PostGIS (I) – central datapool

Well, I know from my GIS at work, that just viewing objects will not satisfy people for a long time. For that we should create our environment in a lasting way. If data should be available in a company network why not doing it with all the data for our objects and why not ‘really central’. PostGIS is a free extension for PostgreSQL which includes geospatial objecttypes and functions related to them. PostgreSQL is as free as PostGIS. At the same time it is very powerful database system that can keep up with the great commercial products (e. g. Oracle). That means, you can use PostgreSQL as a datapool for all listings and other kind of information in form of a listing, that different people should access at the same time. Centralising information is always a good idea. And if you didn’t knew it before: that is the idea behind a buisness warehouse!

You can install the PostgreSQL software on a Linux- or Windows-machine. I prefer Linux, because you can than reactivate a much more older machine, that you maybe have sort out before. Even for a good database performance you don’t have to use a dual-core pentium somewhat. A machine with 1GB or more memory and a processor with about 1GHz will do. Maybe in your special case less would also do. Try it!
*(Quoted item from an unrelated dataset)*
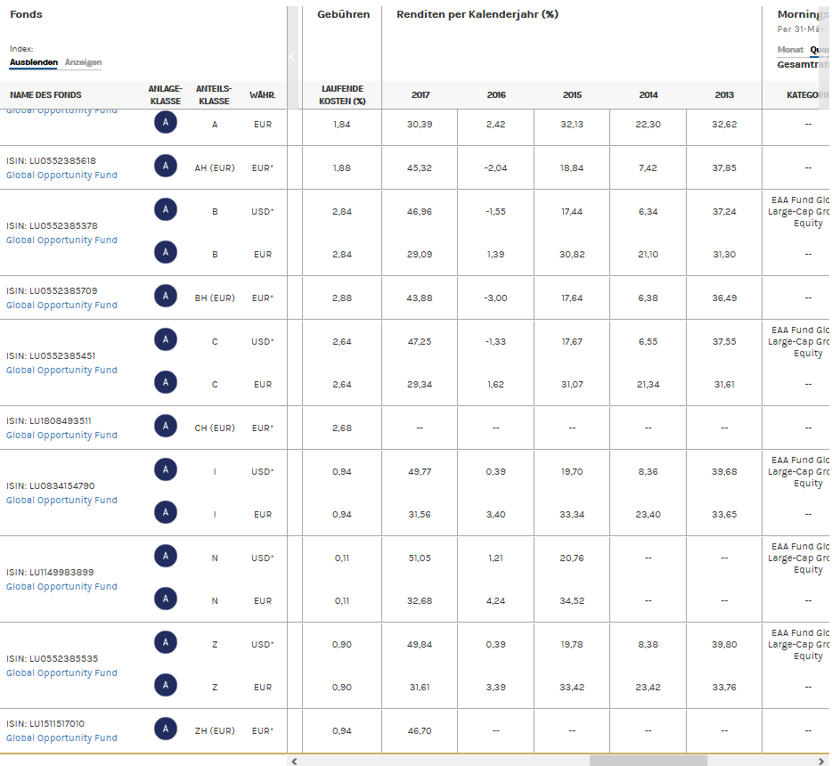 roadsterthomas Juli 13, 2018 Am 11.7.2018 um 21:53 schrieb Arasu: "Über den Fondsfinder von Stiftung Warentest / Finanztest habe ich den Morgan Stanley Global Opportunity Fund entdeckt, der mir ganz gut erscheint:..." Ich hatte mich vor einiger Zeit mit dem Fond beschäftigt. Ich meine mich zu erinnern, das die Wertentwicklung des Fonds beinahe identisch mit dem "MSCI World Information Technology Index" war, weswegen ich mir dann gedacht hatte ich könnte dann auch gleich in den World IT ETF investieren, da sind Gebühren und Risiken geringer. Danke für den Tipp, werde ich mir zumindest mal anschauen! Am 12.7.2018 um 09:18 schrieb Framal: I geht nur, wenn Du mind. 500.000 US$ (siehe Bild unten) anlegst. Wenn nicht, bleiben für Dich die Anlageklasse A oder AH. Danke für die Info und den Screenshot! Trotz Sucherei konnte ich diese Information vorher nicht finden. Diesen Beitrag teilen Link zum Beitrag

The harddisk can be chosen by the amount of information you will store in the database plus the operation system and some clearance.

Finally we start! First of allyou should fetch the actual PostgreSQL sourcecode from their homepage. Depending on your operation system you should follow the according installation instructions. The sourcecode is needed to install PostGIS. So please don’t use binary packages. They won’t do. If all requirements are fullfilled, compiling and installing PostgreSQL should be no problem. After that we do the same with PostGIS. During the compilation I had a problem with a shared object (‘something.so’) that couldn’t be found. I searched for it and copied it into the PostgreSQL-lib-directory. After that it worked … If PostGIS is compiled, the SQL-statements to extend PostgreSQL would also be ready and you can run than like the installationinstructions tell you. Before you should have created a database in PostgreSQL, because you don’t extend the whole databse system, but a single instance of it: your dataspace. Now there is nothing more standing in your way, holding you from using your fresh created geospatial extension of PostgreSQL.
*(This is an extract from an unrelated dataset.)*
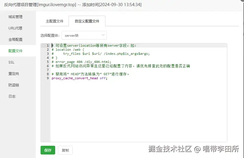 /posts为只读,所以它的次级文件夹都是可以被读的,如果填如/自定义,需要确保该文件夹能被读。 - 自定义域名:用于复制显示的域名,如果域名添加了SSL证书可用https,没有则

After that I had done the tests of the PostGIS FAQs to be sure that my database has got the extension and was amazed how simple you can access the geospatial data and functions. As a ‘help programmer’ there are a lot of SQL-statements coming into my mind, which I will test next time with my demo data.
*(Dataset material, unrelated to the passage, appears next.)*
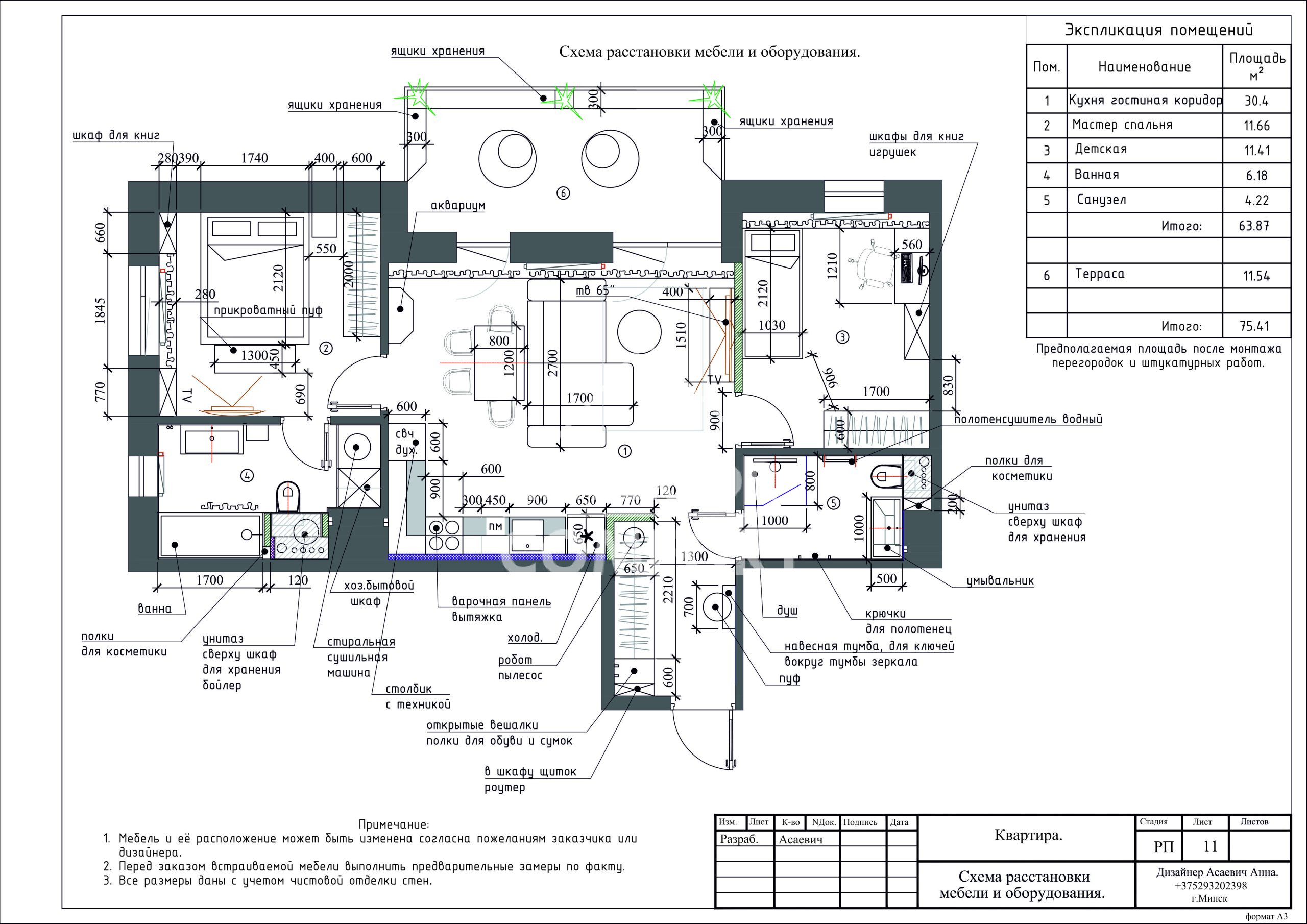 - чертежи по мебели индивидуального изготовления с названиями цветов мебели и элементов,

An advice at the end: if you’d like to comfortably access PostgreSQL from a Windows-based machine, you should install PgAdmin III . It’s a kind of gui and admintool in one. And for all that cannot be devorced from MS Access there should be an ODBC-driver installed on their machines which can establish the neede connection to the PostgreSQL-backend.

And now you should do some first steps in QGIS connecting with PostGIS.